We're in good company: both clang and gcc also do not devirtualize the call when the loopcount is too large (when the loop count is 4, the indirect calls are gone, when it is 160, they are back).

Btw, with PGO, the performance is 4 ms(direct call) vs 6 ms (virtual call). Pathological, but still.

I am submitting a DConf talk on optimization and the cost of D idioms. This gave me some new ideas to present, thanks :)

-Johan
February 23, 2017
On Thursday, 23 February 2017 at 17:02:55 UTC, Johan Engelen wrote:
> On Thursday, 23 February 2017 at 16:25:34 UTC, Johan Engelen wrote:
>> [...]
>
> We're in good company: both clang and gcc also do not devirtualize the call when the loopcount is too large (when the loop count is 4, the indirect calls are gone, when it is 160, they are back).
>
> Btw, with PGO, the performance is 4 ms(direct call) vs 6 ms (virtual call). Pathological, but still.
>
> I am submitting a DConf talk on optimization and the cost of D idioms. This gave me some new ideas to present, thanks :)
>
> -Johan

Marking the method as @pure changes anything?
February 23, 2017
On Thursday, 23 February 2017 at 19:57:18 UTC, Patrick Schluter wrote:
>
> Marking the method as @pure changes anything?

Here is the link to play with it yourself :-)

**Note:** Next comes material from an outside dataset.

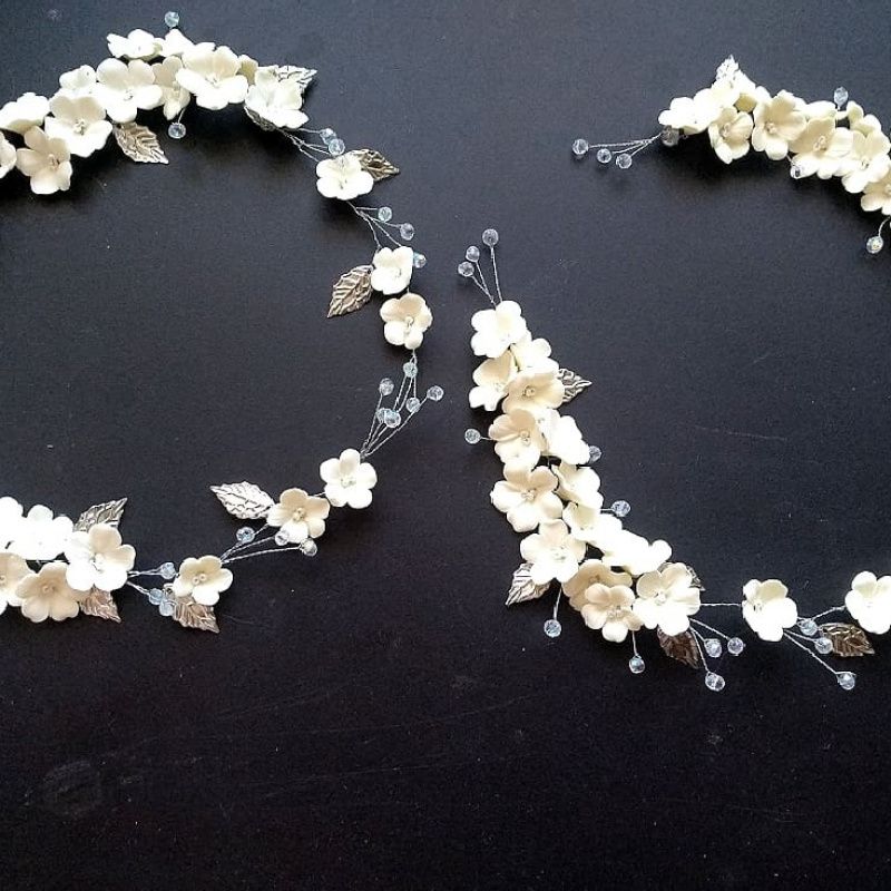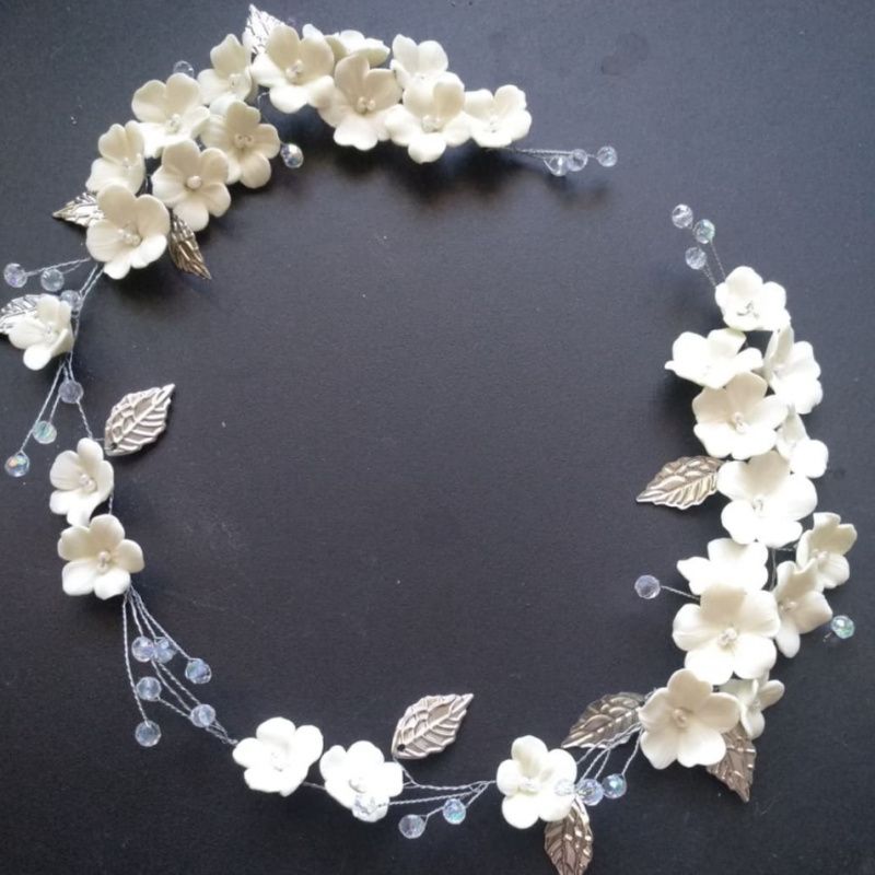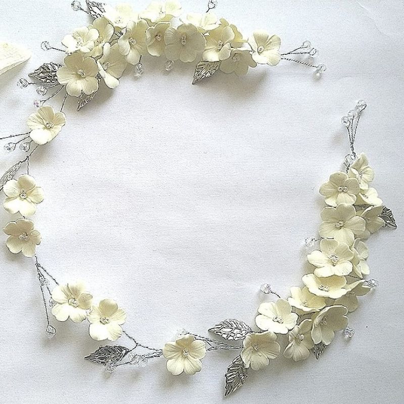 Ніжний весільний вінок з невеликих квітів з японської глини кольору світле айвори, кришталь, сріблясті листочки. Вінок зібраний на срібну ювелірну дріт з покриттям. Прикраса витончене для класичної весілля .Довжина вироби 39-49см під замовлення. Прикраса за демократичною ціною.

https://godbolt.org/g/se4dCZ


February 24, 2017
On Wed, 22 Feb 2017 18:31:37 -0800, Jonathan M Davis via Digitalmars-d wrote:

> On Thursday, February 23, 2017 02:17:02 Jeremy DeHaan via Digitalmars-d wrote:
>> On Thursday, 23 February 2017 at 01:48:40 UTC, Seb wrote:
>> > AFAICT though it was approved, the switch to final by default has never happened.
>>
>> I believe Andrei made an executive decision to shut down final by default.
> 
> Yeah, the change that introduced virtual to start the change to making class member functions non-virtual by default was actually committed, and then Andrei found out about it and insisted that it be reverted. So, it was reverted, and we're never going to get non-virtual by default.
> 
> - Jonathan M Davis

It's an interesting debate, but there's not a ton of reason to prefer one over the other design-wise. It can be considered for D3, but for D2, the ship has sailed.